You may find this article of interest (and it was written by a forum member).

http://thenational.ae/article/20090103/PERSONALFINANCE/869278011/1275&template=columnists



-


----------



## Andy Capp (Oct 5, 2008)

I thought you were just "attempting "work""?


----------



## Elphaba (Jan 24, 2008)

Wrote that on 31st December.

-


----------



## Elphaba (Jan 24, 2008)

It is worth mentioning that The National runs a consumer advice/help column every Saturday (back page of Personal Finance supplement).

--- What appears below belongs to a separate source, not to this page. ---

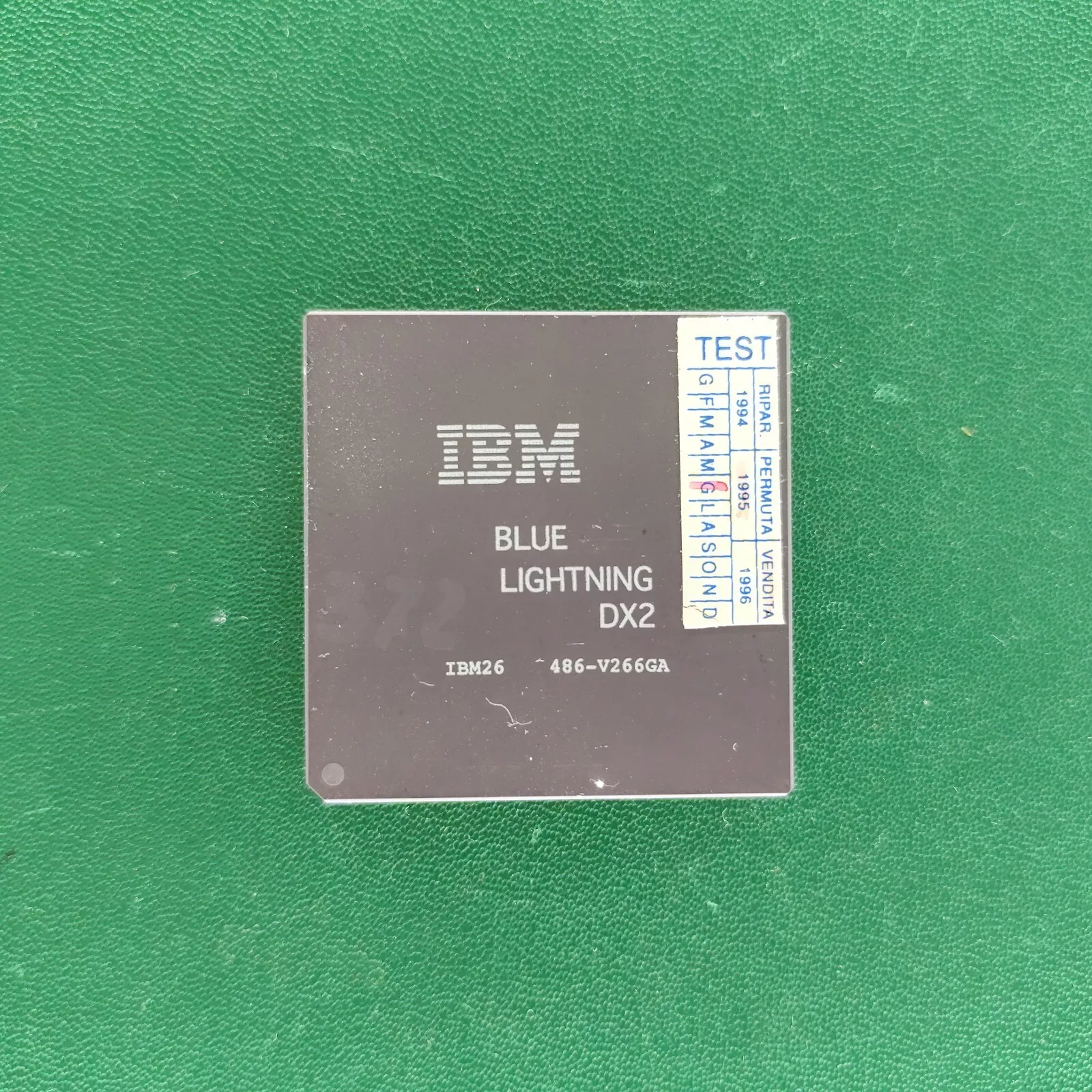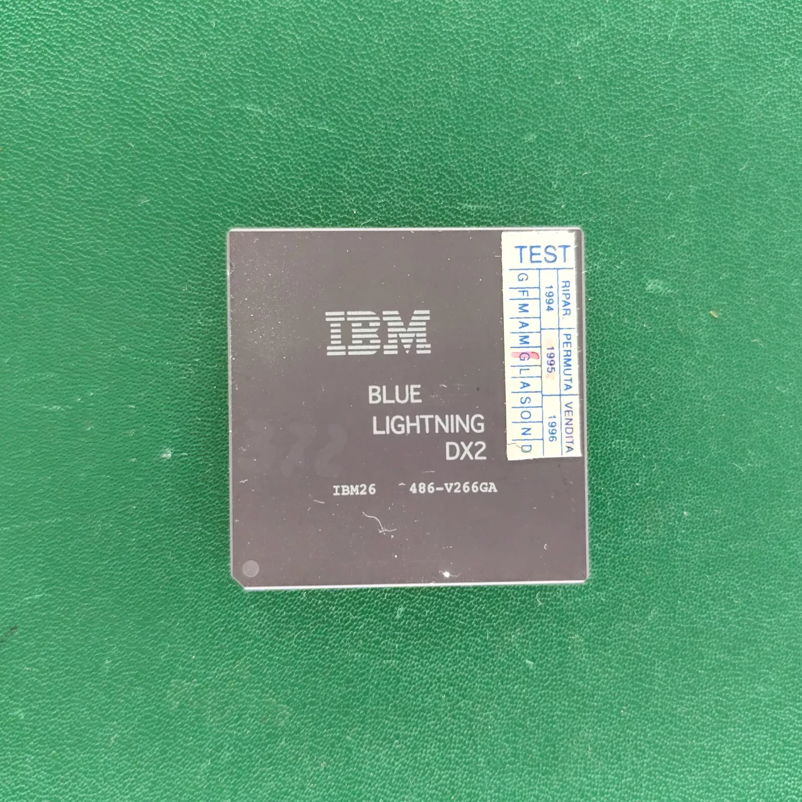 This is an IBM Blue Lightning DX2 (486-V266GA) microprocessor, part of IBM’s 486-compatible CPU family from the early 1990s. Unlike Intel’s 486, the Blue Lightning line was designed as a cost-effective and efficient alternative with enhanced performance in some tasks.

Anyone with any problem, questions or issues can write to the paper and they will endeavour to deal with it.

[email protected]


For anyone who hasn't read the National, it is the best written newspaper in the UAE. It is headed up by an ex-editor of The Telegraph (UK).

And yes, I am biased. 

-


----------



## crazymazy1980 (Aug 2, 2008)

Elphaba said:


> It is worth mentioning that The National runs a consumer advice/help column every Saturday (back page of Personal Finance supplement).
> 
> Anyone with any problem, questions or issues can write to the paper and they will endeavour to deal with it.
> 
> ...


Telegraph is a good paper...

...My Arabic teacher read it too and the main article on the front page the day before an exam was always guaranteed to be included in the reading section. Been reading it ever since


----------